A Soul Contrite
by SilverMoonLady
Summary: Stream of consciousness reflections of Merry and Pippin on leaving Moria.


A Soul Contrite  
  
January 1419. Approaching Lothlorien.  
  
I have never seen him like this. Shoulders bowed, eyes fixed to the ground, running heedlessly beside me through the tall grass. A dark smudge marks his cheek in accidental symmetry to the large bruise I know is blooming on the other. His gear is ragged already, cloak patched, trousers torn, these weeks have been hard on us all, but it's the grim set of his mouth that frightens me. The terror of the last few hours I know will fade for nothing can truly cow my cousin for long. The grief, so piercing now in the wake of our loss, will mellow to a bruising ache in time and it is with laughter that he will remember our companion. These things will pass and his cheerful heart and nimble mind will find them a place to live beside his more joyful memories.  
  
No, what has caught me in its fearsome grasp is the sight of my own demon riding him into the ground, the soul crushing guilt he has taken on himself for these dreadful events. And while he has always been there to pull me from my dark reflections, I have no idea how to help him now. His cheek has never led to such dire consequences and for all his mischief and reckless acts he has been remarkably lucky in this. But not this time, oh no, not this time. No one really blames him, it is doubtful we'd have passed those awful doors without encountering the enemy in any case, but he'll not se that, only the foolish action that precipitated our doom.  
  
I cannot speak to draw him out for fear of our pursuers and there is no time for rest or comfort yet, but it cuts me to the quick to see him so downtrodden, so silent though his fee stumble wearily ahead. My hand finds his, almost by habit, and I feel his fingers clench tightly about my own, a lonely tear streaking down his dirty cheek. He doesn't look back at me but forward now, to the sheltering trees ahead, and determination, that vaunted Tookish stubbornness he has aplenty, sets his face.
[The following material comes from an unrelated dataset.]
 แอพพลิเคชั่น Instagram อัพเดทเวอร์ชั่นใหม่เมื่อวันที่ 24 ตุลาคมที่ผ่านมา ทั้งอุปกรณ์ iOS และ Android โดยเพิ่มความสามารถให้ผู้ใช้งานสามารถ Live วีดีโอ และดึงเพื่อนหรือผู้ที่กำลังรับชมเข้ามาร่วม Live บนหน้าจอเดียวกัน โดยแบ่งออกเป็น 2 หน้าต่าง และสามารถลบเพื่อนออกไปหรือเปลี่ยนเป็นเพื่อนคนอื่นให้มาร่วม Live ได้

The look of shattered self-reproach is gone, at least for now, and dark worry looses its hold on my ragged breath. Some last shreds of innocence may have been torn aside, but it will temper his spirit, not break it, and the thought nearly makes me smile. Dear, irrepressible, fearless Pip. He treads such a fine line between the carefree, tender-hearted youth he has always been and the bold and clever companion that he wishes to be. I would rather less dire circumstances had served to mature him, and yet.  
  
I can almost hear his thoughts, like the whispered words of the child he once was, determined to set things aright, and I remember he knows more of forgiveness than I.  
  
*'I cannot make this unhappen, but I can give my all to make amends. Upon my honor, I will make amends.'*  
  
*** *** ***  
  
Can nothing rid me of this awful habit of acting without thought? It's true that I'd have been whipped a hundred times more and likely died a dozen pointless deaths through my own foolishness without my cousin's clever tongue and steady head, and that before we ever thought of leaving the Shire. But this, oh heavens, this cannot be undone or escaped, I cannot talk my way past these results and this time the price is just too high.  
  
I should have turned back at Rivendell. No elf would have made such mistakes, no man could have shown less caution, less foresight, less restraint. An ill choice with disastrous consequences. My father would be proud.  
  
I feel Merry's hand, warm and hard, catch mine and I cling to it like the child I keep trying to leave behind. Oh, my friend, what will we do? I've done more this day to check Frodo's task than the Dark Lord himself. What I wouldn't give for an ounce of the calm and good sense you possess, to be of use as more than another mouth to feed, a child to guard from his own stupidity.  
  
I cannot change the past, but what comes next is still mine to choose. There will be no repeat of this, and, oh, I can't replace him, not even in the smallest way, but I'll be a burden and a fool no longer. Upon my honor, I will make amends. 


End file.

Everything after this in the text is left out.